Arrivée cet été, la nouvelle latérale gauche montpelliéraine possède un parcours atypique où le football s'est toujours mêlé aux études et à une implacable soif d'apprendre. Rencontre avant de recevoir Lyon ce samedi (21h à Grammont, sans public)

Son aisance en français ferait croire à des accointances avec la langue de Molière, bien antérieures à sa venue à Montpellier en juillet dernier. Pourtant il n'en est rien. Si elle s'exprime aussi bien dans notre langue, même si elle reconnaît « faire encore beaucoup de fautes » (on aimerait au passage pouvoir dire qu'on en fait aussi peu en allemand), c'est avant tout parce que Leonie Pankratz est une femme de lettres et d'études aussi. C'est d'ailleurs cette double passion qui a parfois guidé ses choix footballistiques. En plus d'être quasiment tout le temps alignée sur le flanc gauche de la défense montpelliéraine, elle est aussi titulaire d’un master en économie et d’un Bachelor en traduction espagnol – portugais – allemand. La preuve d'une double vie bien menée. « J'ai toujours voulu faire des études en même temps que le foot car, après ta carrière sportive, tu as forcément une autre vie à mener et il faut s’y préparer », explique-t-elle.
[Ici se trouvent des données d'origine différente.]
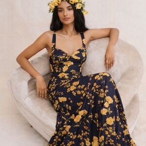 Brand new with tags Reformation Lecce Dress in the coveted Bernadette colorway. This elegant navy maxi features a romantic yellow floral print, a flattering fitted bustier-style bodice, wide straps, and a graceful floor-length silhouette. Finished with a low scoop back and button detailing for a timeless, feminine look.
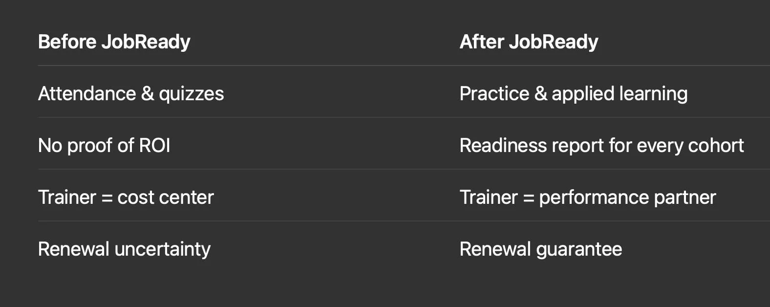 “JobReady turned my training from a one-time event into measurable ROI.”
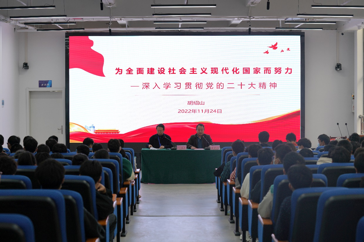 图3:党委委员、总会计师胡绍山为全体学生干部和入党积极分子为学生代表作党的二十大精神专题宣讲报告现场
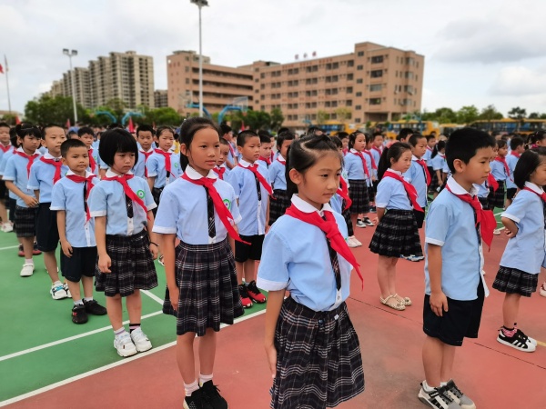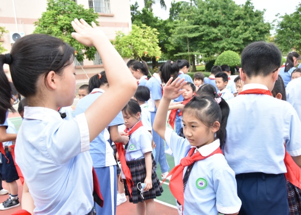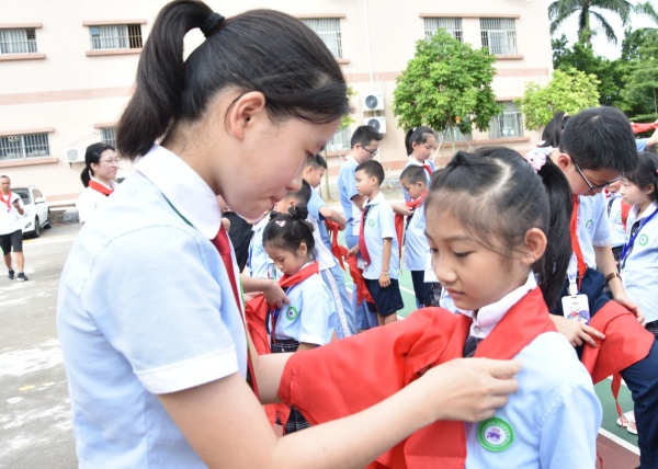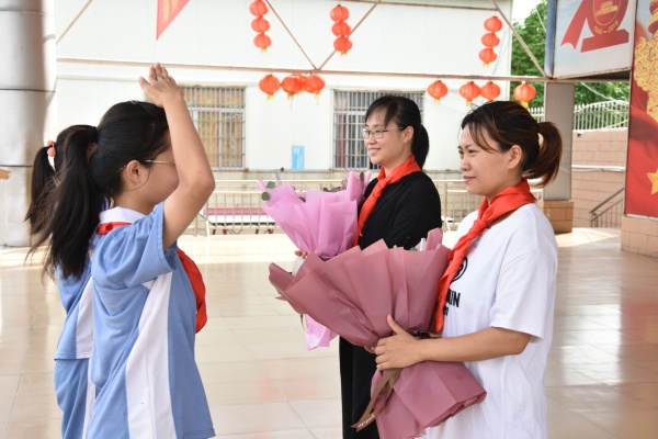 為培養(yǎng)學(xué)生主人翁意識,少先隊(duì)員的光榮感和責(zé)任感,在2020年“六一”兒童節(jié)當(dāng)天上午,中山市民眾錦標(biāo)學(xué)校舉行了一年級少先隊(duì)新隊(duì)員入隊(duì)宣誓儀式,本次一年級共有李君杰等210位新隊(duì)員光榮地加入了中國少年先鋒隊(duì)。在舉行少先隊(duì)入隊(duì)儀式前,錦標(biāo)學(xué)校少先隊(duì)員代表向抗擊疫情及返校復(fù)學(xué)工作中付出辛勤勞動的衛(wèi)生健康副校長林小靈、駐校醫(yī)生高曉穎兩位醫(yī)務(wù)工作者敬獻(xiàn)了鮮花,以表感謝。

 J'ai toujours voulu faire des études en même temps que le foot

Pour comprendre cette philosophie, il faut se pencher sur ses origines. Née à Giessen, à 60 km de Francfort, Leonie a grandi auprès d'un père impresario en littérature et d'une mère professeur. Son frère, de quatre ans son aîné, est médecin dans un hôpital à Ulm, au sud du pays. Chez les Pankratz, les études ont quelque chose de sacré. Et si c'est aux côtés de son frère qu'elle a tapé ses premiers ballons dans le jardin familial avant d'effectuer une grande partie de sa formation au sein du prestigieux club de Francfort, ce besoin de s'enrichir intellectuellement et de découvrir du monde s’est vite mêlé à sa passion pour le ballon rond. « Après avoir terminé le lycée, je voulais vivre une expérience à l'étranger et comme j'aimais beaucoup l'espagnol, je suis parti à Levante, raconte-t-elle. C'était à la fois très bien et très dur. Je n'avais que 19 ans, j'étais loin de ma famille mais c'était mon choix. Je voulais vraiment voir autre chose. En plus, je n'ai pas beaucoup joué, donc, moralement, ce n’était pas simple, mais j'ai beaucoup appris. » Son attachement à la péninsule ibérique s'est d'ailleurs prolongé ensuite hors du terrain puisqu'elle a épousé l'an passé un préparateur physique espagnol rencontré à Ulm et qui partage sa vie depuis 8 ans.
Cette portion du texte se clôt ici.